You can count words in Java String by using the split() method of String. A word is nothing but a non-space character in String, which is separated by one or multiple spaces. By using regular expression to find spaces and split on them will give you an array of all words in given String. This was the easy way to solve this problem as shown here, but if you have been asked to write a program to count a number of words in given String in Java without using any of String utility methods like String.split() or StringTokenizer then it's a little bit challenging for a beginner programmer. It's actually one of the common Java coding questions and I have seen it a couple of times with Java developer interviews of 2 to 4 years of experience. The interviewer put additional constraints like split() is not allowed, you can only use basic methods like charAt(), length(), and substring() along with loop, operators, and other basic programming tools.
In this article, I'll share all three ways to solve this problem i.e. first by using String's split() method and regular expression, second by using StringTokenizer and third without using any library method like above. The third one is the most interesting and very difficult to write a complete solution handling all special characters e.g. non-printable ASCII characters. for our purpose, we assume that space character includes tab, space or new line and anything which is considered as a letter by Character.isLetter() is considered as a word.

Btw, if you are looking for more String based coding problems, you can either check here, or you can buy Cracking the Coding Interview book, which is a collection of more than 190 programming questions and solutions from tech giants like Amazon, Google, Facebook, and Microsoft. It also includes questions from service based companies like Infosys, TCS, and Cognizant.



Solution 1 - Counting word using String.split() method
In this solution, we will use the split() method of java.lang.String class to count the number of words in a given sentence. This solution uses the regular expression "\\s+" to split the String on whitespace. The split method returns an array, the length of array is your number of words in given String.

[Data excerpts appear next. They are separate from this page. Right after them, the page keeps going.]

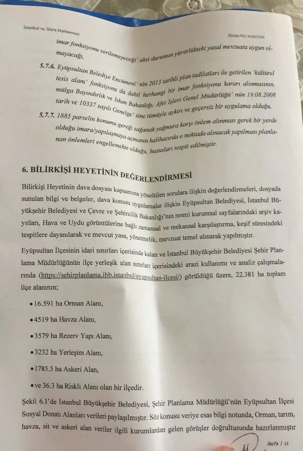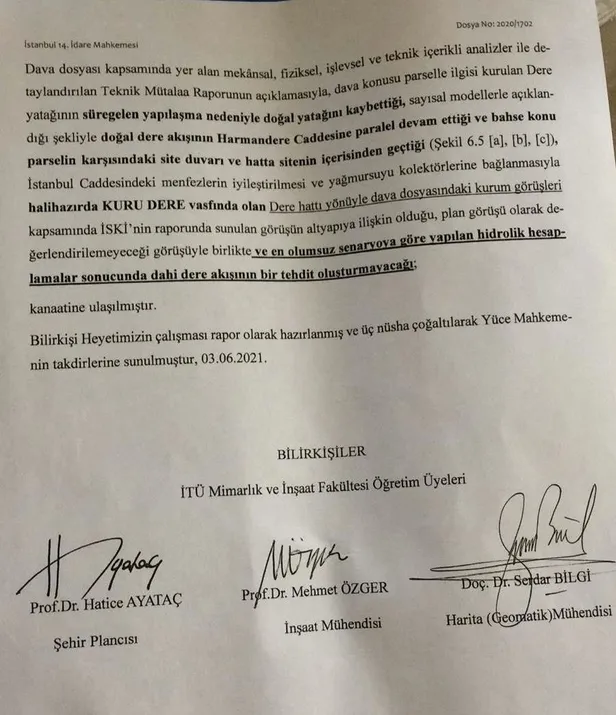 Sabah'ın haberine göre konunun yargıya taşındığını, mahkemenin konuyu incelemek için bilirkişi tayin ettiğini aktaran Mimar Osmanlıoğlu, "İstanbul Teknik Üniversite'sinden gelen bilirkişi heyeti yaptıkları incelemede herhangi bir tehlike olmadığını, bölgenin dere yatağı olmadığı raporlayıp caminin yapılmasına engel teşkil edecek unsurların olmadığını belirterek olumlu görüş bildirdi.
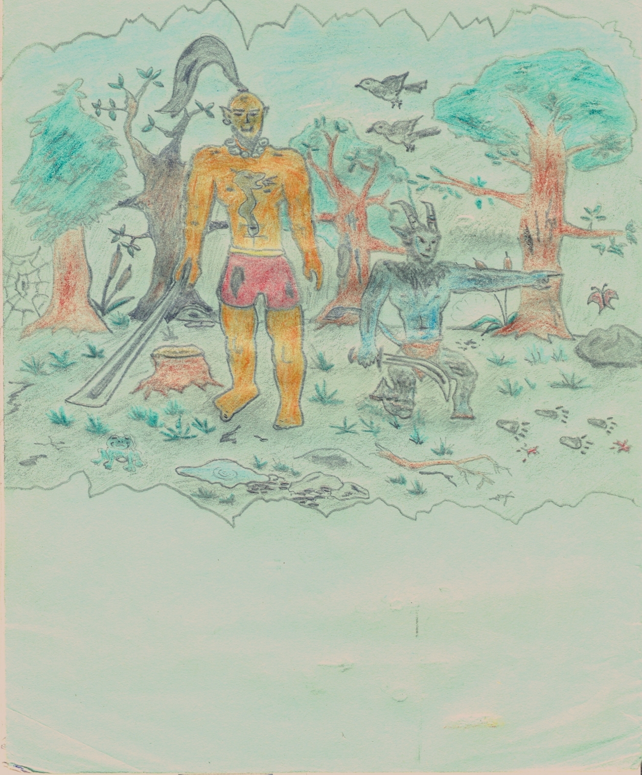 Это одна из моих первых серьезных работ. Все началось с простых набросков моего любимого Juggernaut'a, но потом я пририсовал к нему Rikimaru, лес, а в конце и придумал сцену. На картине показана погоня двух смелых героев за подлым негодяем N'aix'ом, которого они преследуют по следам и крови, текущей из ран вурдалака. Прошу любить и жаловать :)
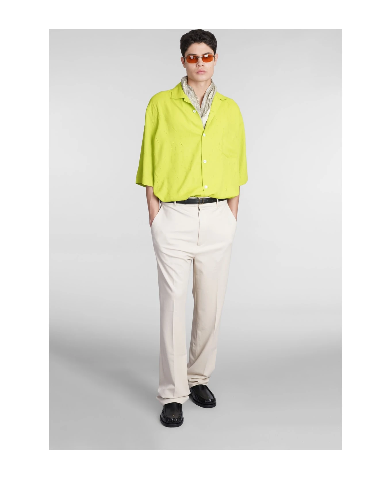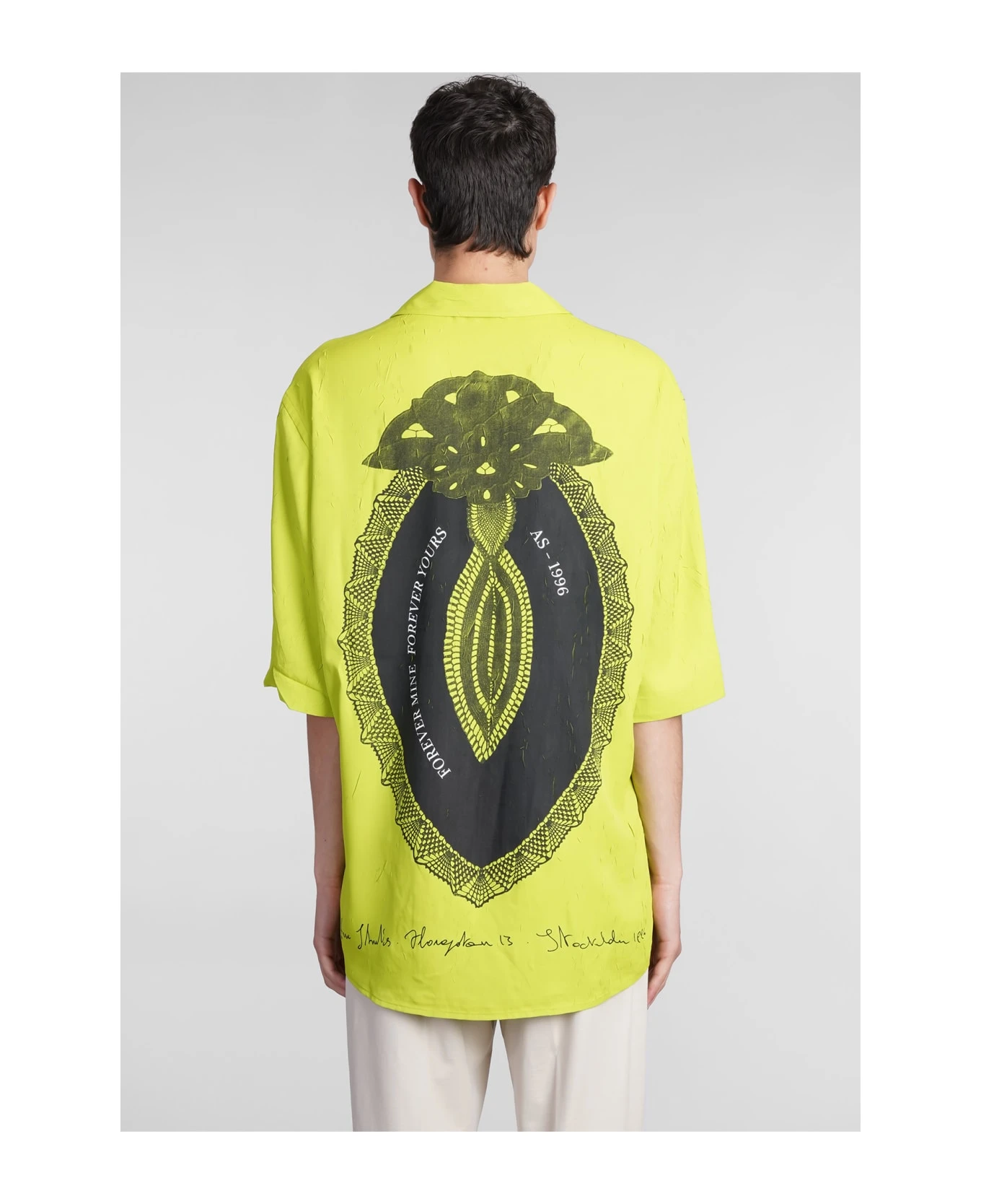 Shirt in green polyester, bowling neck, long sleeves, oversized fit, back print, 100% polyester, Made in China, Model is 1. 83 and wears size 46
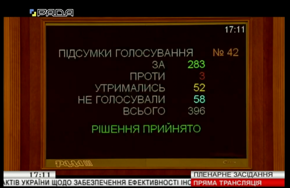 Верховна Рада 313 голосами ухвалила в цілому з техніко-юридичним правками Закон «Про внесення зміни до Закону України "Про приватизацію державного і комунального майна".
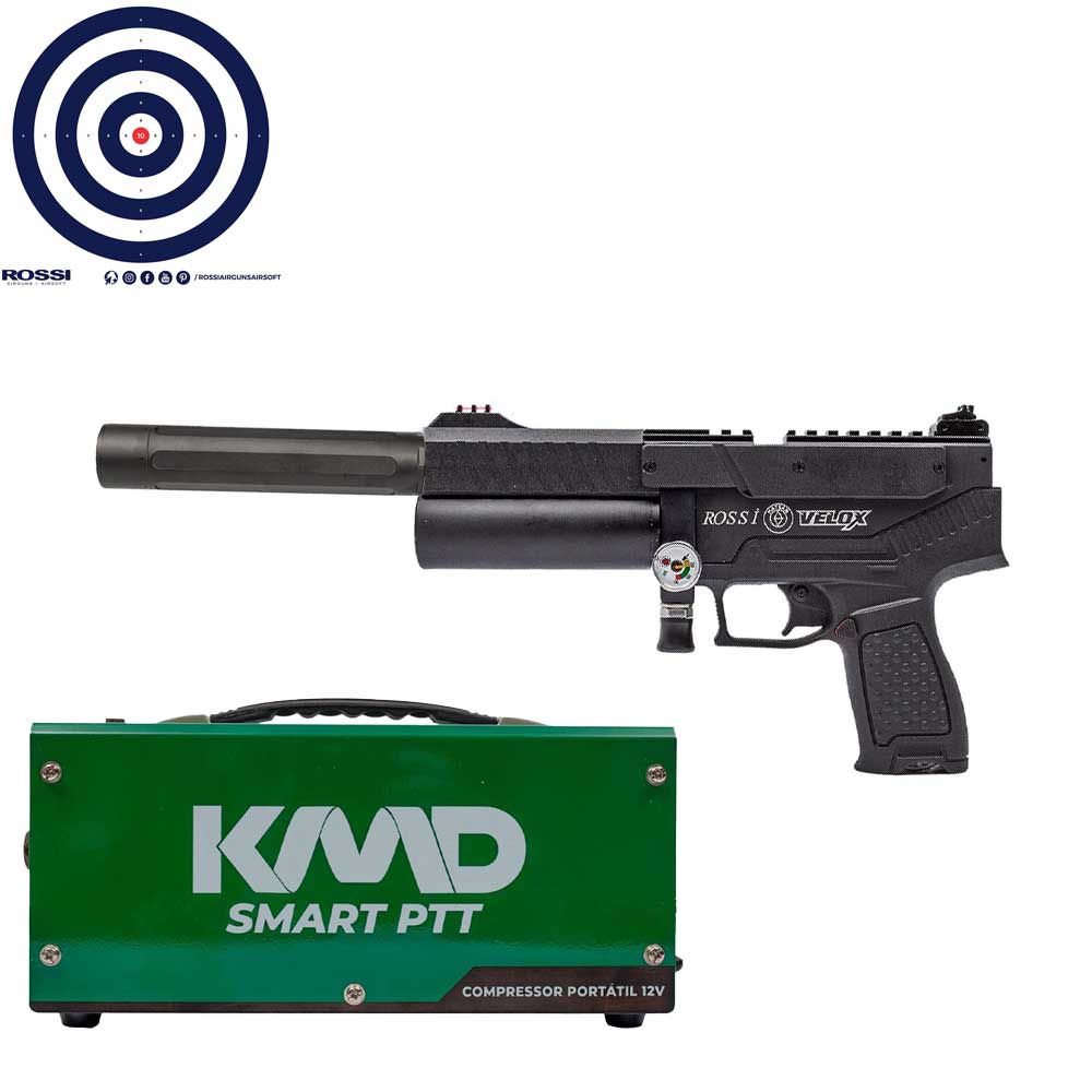 Este combo prático reúne uma pistola PCP de alto desempenho, solução de recarga profissional, supressor para maior conforto sonoro e material para treino. A Pistola PCP Hatsan Velox 5.5 mm apresenta cilindro de ar removível de 55 cc com autonomia média de 20 disparos, pressão de trabalho até 250 BAR, velocidade média de 188 m/s (≈620 fps) e energia aproximada de 17 J; conta com cano estriado de 140 mm, gatilho aprimorado, dois magazines rotativos para 12 chumbinhos, alça de mira ajustável com fibra óptica verde, massa de mira com fibra óptica vermelha, slot para magazine sobressalente, trava de segurança manual, rosca UNF 1/2" para uso de supressor e trilhos superiores em 11 mm e 20 mm para instalação de miras e acessórios, tudo em corpo ergonômico de polímero com case rígido personalizado incluso. O Compressor de AR KMD trabalha até 300 BAR, com potência de 350 W, refrigeração por ventilação, função bivolt e compatibilidade com 12 V, manômetro e mangueira de alta pressão, sendo ideal para recargas rápidas e seguras em casa ou em campo. O Supressor R8 em alumínio anodizado oferece acabamento resistente e redução do ruído do disparo quando instalado na rosca adequada. Para treino, o kit inclui 30 alvos descartáveis 14x14 cm com ponto central para aperfeiçoamento de mira. Conjunto indicado para atiradores que buscam praticidade, recarga eficiente e uma solução pronta para treino e uso responsável; envio para todo o Brasil e nota fiscal inclusa.
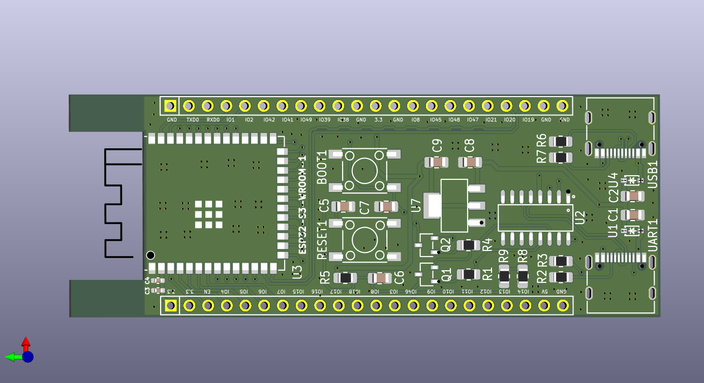该快核心板使用的ESP32-S3-WROOM-1-N16R8模组,该模组含有板载天线,所以对板载天线部分进行挖槽处理,防止信号干扰,且使用的是N16R8型号,内部集成了Octal SPI PSRAM,IO35,IO36,IO37不可用于其他连接,因此设计时这三个引脚没有引出。整体基本使用0805封装,更加方便手工焊接
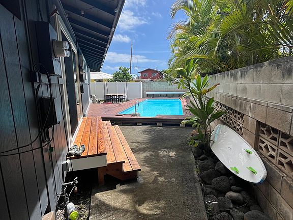 3 bedroom 2 bathroom house located on a quiet dead end street in Coconut Grove neighborhood of Kailua. Fully fenced in backyard with private pool. Less than 1 mile to Kailua Beach and minutes to Kailua Town and Kaneohe Marine Corps Base. Owner to provide Wifi, gas for kitchen stove, yard and pool service. Renter is responsible for water/swerer and electric bill. 1 year lease required. No smoking.
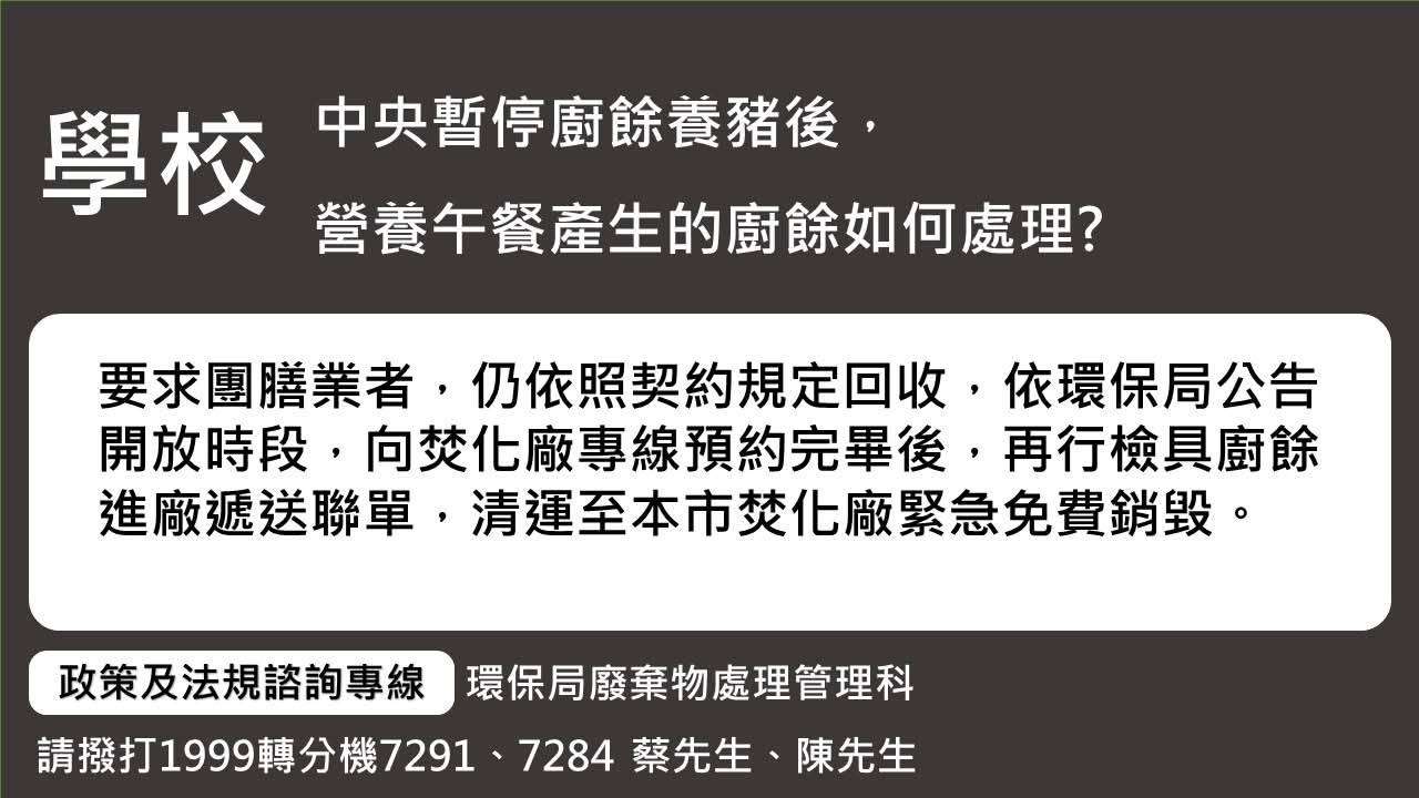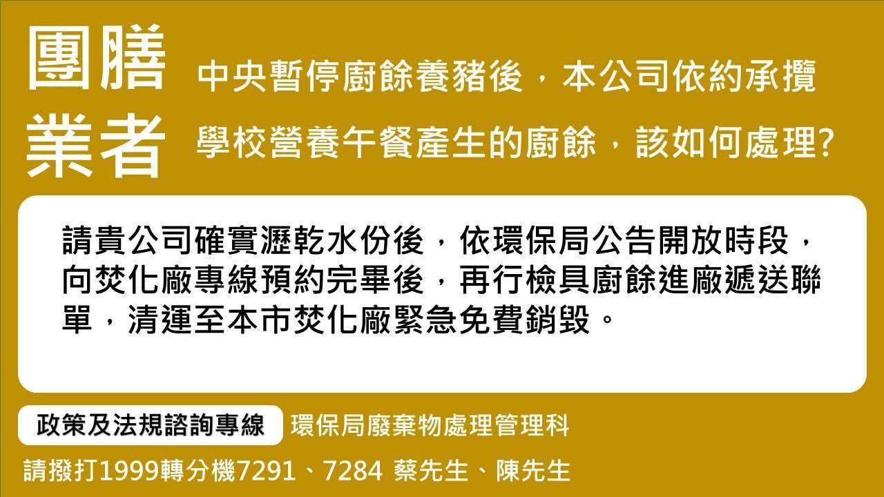 二、配合農業部宣布延長禁宰運、禁廚餘等防疫政策,該局調整延長開放非家戶廚餘進廠免費銷毀時間至114年11月5日止,每日上午8時至下午4時,並採專線預約方式預約進廠,各焚化廠地址及聯繫方式如下:
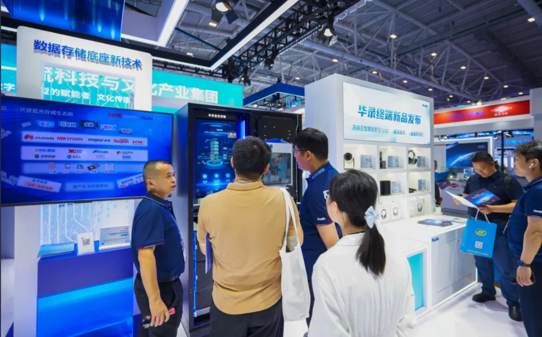 在数字底座新技术展区,全新亮相的大容量蓝光存储系统,凭借自主可控核心技术优势,同时搭载科技感外观设计,吸引众多专业观众驻足交流。该产品已广泛应用在数据中心、金融、互联网、广电、档案、公检法、医疗等行业。
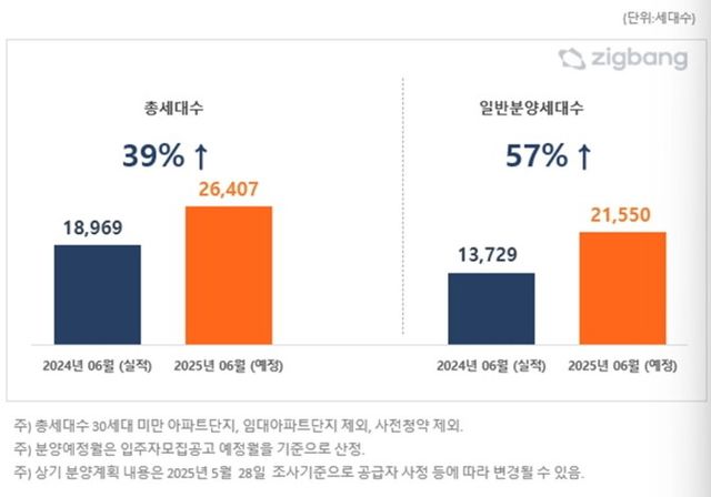 한편 6월 아파트 분양 예정 물량은 2만6407세대다. 이는 전년실적(1만8969세대)대비 39% 증가한 수준이다. 이중 일반분양은 약 2만1550세대로 추정된다.
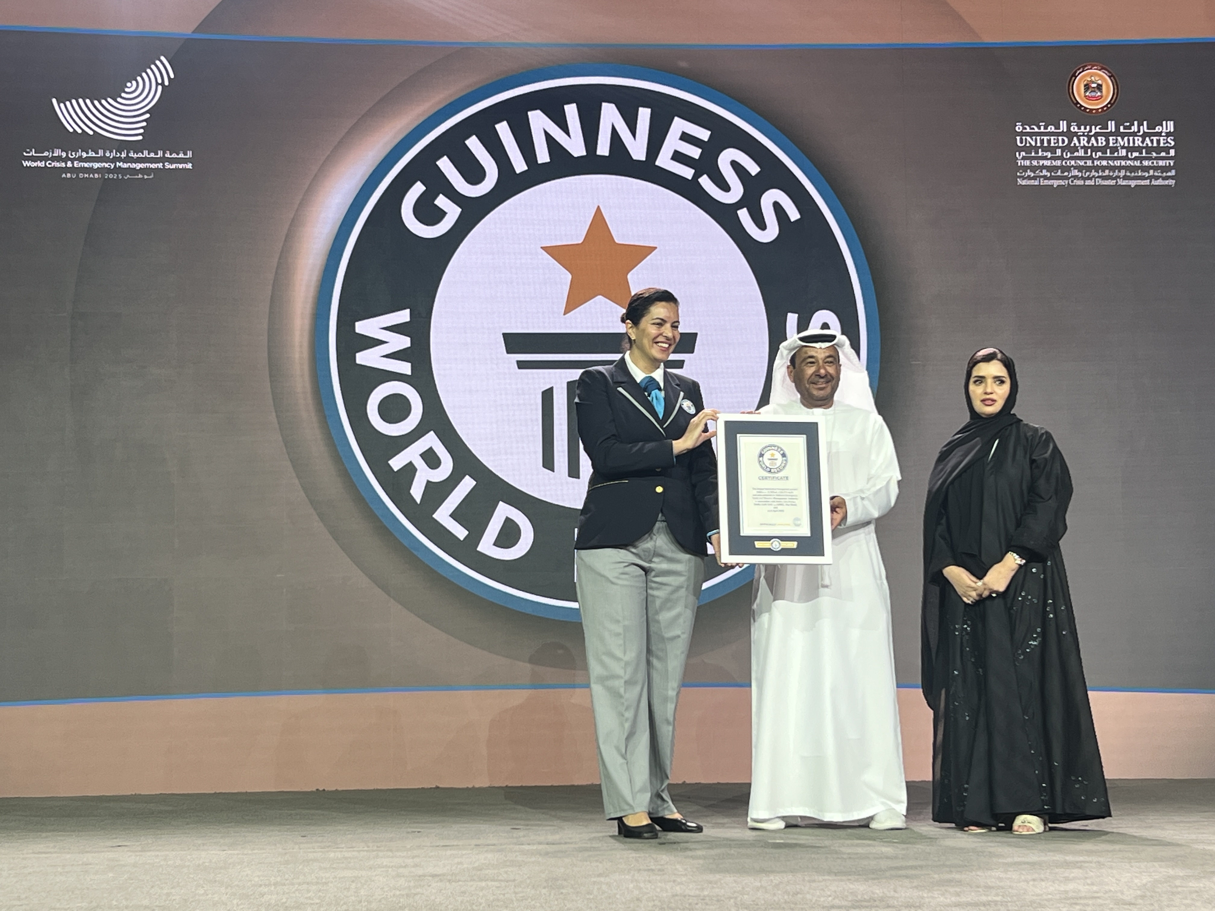 في إنجاز جديد يعكس التقدم التكنولوجي والإبداع في مجال إدارة الأزمات، سجلت الهيئة الوطنية لإدارة الطوارئ والأزمات والكوارث في دولة الإمارات العربية المتحدة رقمًا قياسيًا عالميًا لأكبر شاشة تفاعلية شفافة، بمساحة بلغت 12.56 مترًا مربعًا (135.27 قدمًا مربعًا). تم تحقيق هذا الإنجاز المتميز خلال قمة إدارة الأزمات والكوارث العالمية التي أقيمت في مركز أبوظبي الوطني للمعارض (أدنيك) في أبريل 2025.

 public static int countWordsUsingSplit(String input) {
    if (input == null || input.isEmpty()) {
      return 0;
    }

    String[] words = input.split("\\s+");
    return words.length;
  }

If you are new to regular expression in Java, the \s is a character class to detect space including tabs, since \ needs to be escaped in Java, it becomes \\s and because there could be multiple spaces between words we made this regular expression greedy by adding +, hence \\s+ will find one more space and split the String accordingly. See Core Java Volume 1 - Fundamentals by Cay S. Horstmann to learn more about the split() method of String class. This is also the simplest way to count the number of word in a given sentence.



Solution 2 - Counting word in String using StringTokenizer
Constructs a string tokenizer for the specified string. The tokenizer uses the default delimiter set, which is " \t\n\r\f": the space character, the tab character, the newline character, the carriage-return character, and the form-feed character. Delimiter characters themselves will not be treated as tokens


public static int countWordsUsingStringTokenizer(String sentence) {
    if (sentence == null || sentence.isEmpty()) {
      return 0;
    }
    StringTokenizer tokens = new StringTokenizer(sentence);
    return tokens.countTokens();
  }

You can see that we have not given any explicit delimiter to StringTokenizer, it uses the default set of delimiter which is enough to find any whitespace and since words are separated by whitespace, the number of tokens is actually equal to the number of words in given String. See Java How to Program by Dietel for more information on StringTokenizer class in Java.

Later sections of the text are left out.